In the first part, evolution of shear viscosity of the prepared polymer solutions was reported in relation with polymer concentration, temperature and brine nature. In the literature, the flow behavior of xanthan was reviewed very well; it has been shown that xanthan solutions exhibited pseudoplastic behavior with shear-thinning character. Furthermore, values of apparent viscosity were most often correlated by the power law equation throughout a broad array of shear rates. The xanthan solutions offer a significant performance in salt resistance but are deficient in elasticity and their application is limited in the high temperature reservoirs. To prevail over these shortcomings, some attempts are made to improve the behavior of xanthan solutions in the high temperature reservoirs. For this purpose, the approach that was adopted in this work consists of the graft copolymerization of acrylamide onto xanthan to produce graft copolymers with improved viscoelastic properties. Experimental results of the apparent viscosity changes (Pa.s) with shear rate (s⁻¹) are displayed in Figure 2A for xanthan and Figure 2B for xanthan-g-polyacrylamide, respectively. Polymer concentrations used are of 500, 1000 and 2000 ppm.

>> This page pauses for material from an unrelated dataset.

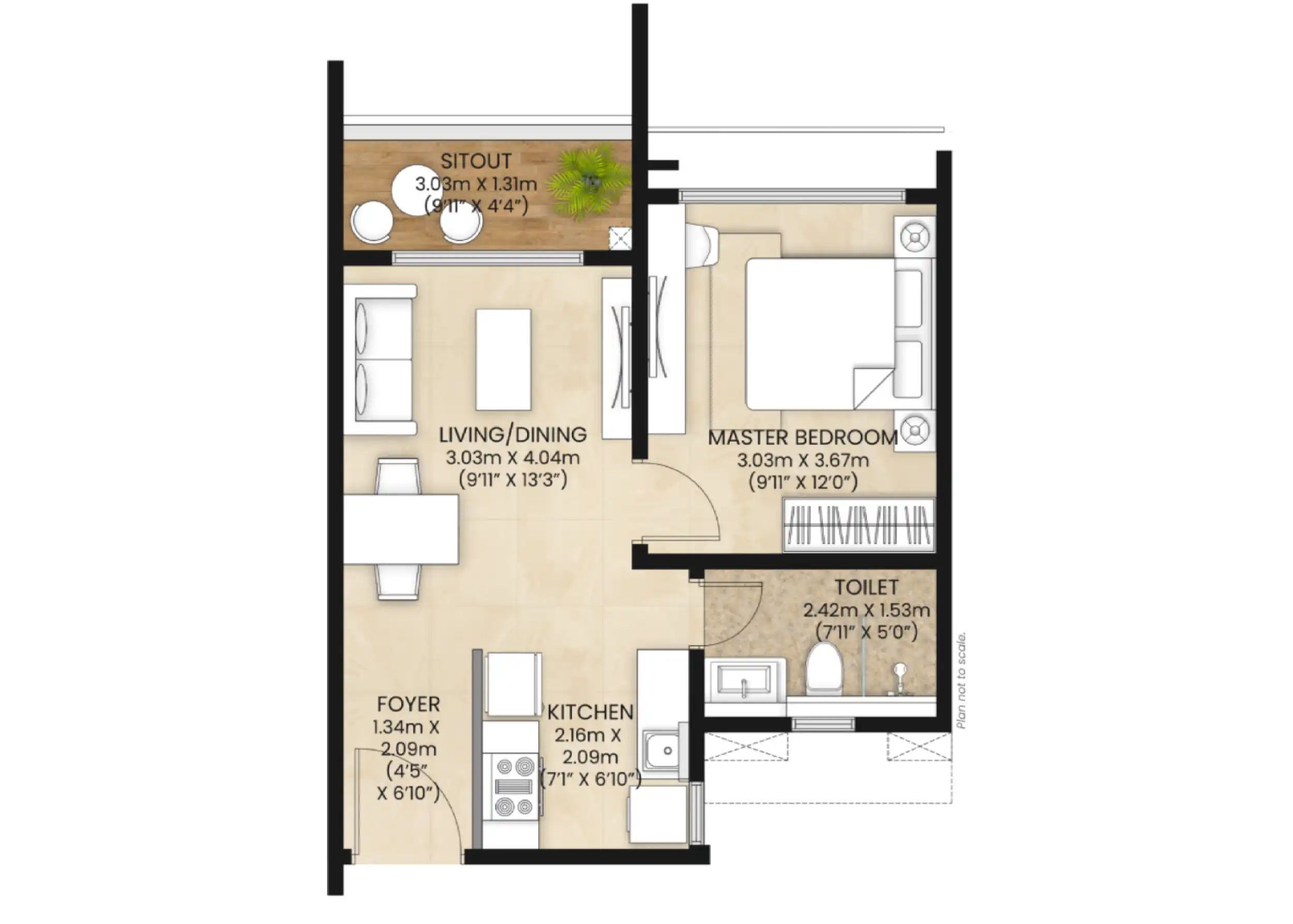 1 BHK Meadows carpet area is 37.16 sqm (400 sqft) excluding sit out, utility, and veranda area which is 3.92 sqm (43 sqft)
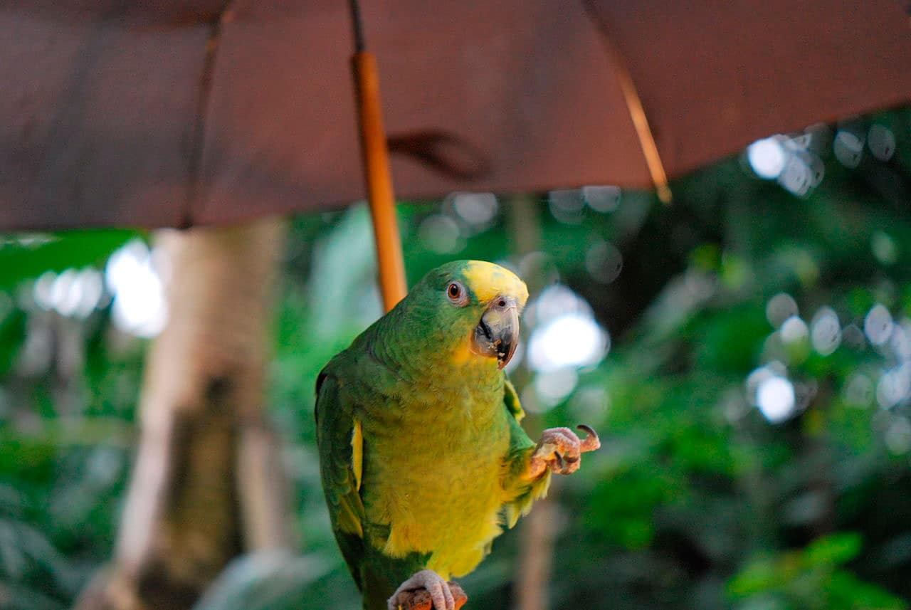 (1) – Amazone tavoua à Loro Parque, Teneriffe par œuvre dérivée: Snowmanradio (parler)Festive_Amazon_BW. JPG: Berthold Werner (Festive_Amazon_BW. JPG) [Domaine public], Via Wikimedia Commons

In the region of very low rates, apparent viscosity does not change much, and then begins to drop sharply. This non-Newtonian shear-thinning behavior was expected for this kind of polymer. As seen in Figure 2, at all shear rates, the apparent viscosity is directly proportional to polymer concentration; for a fixed concentration, viscosity is reduced as shear rate is increased.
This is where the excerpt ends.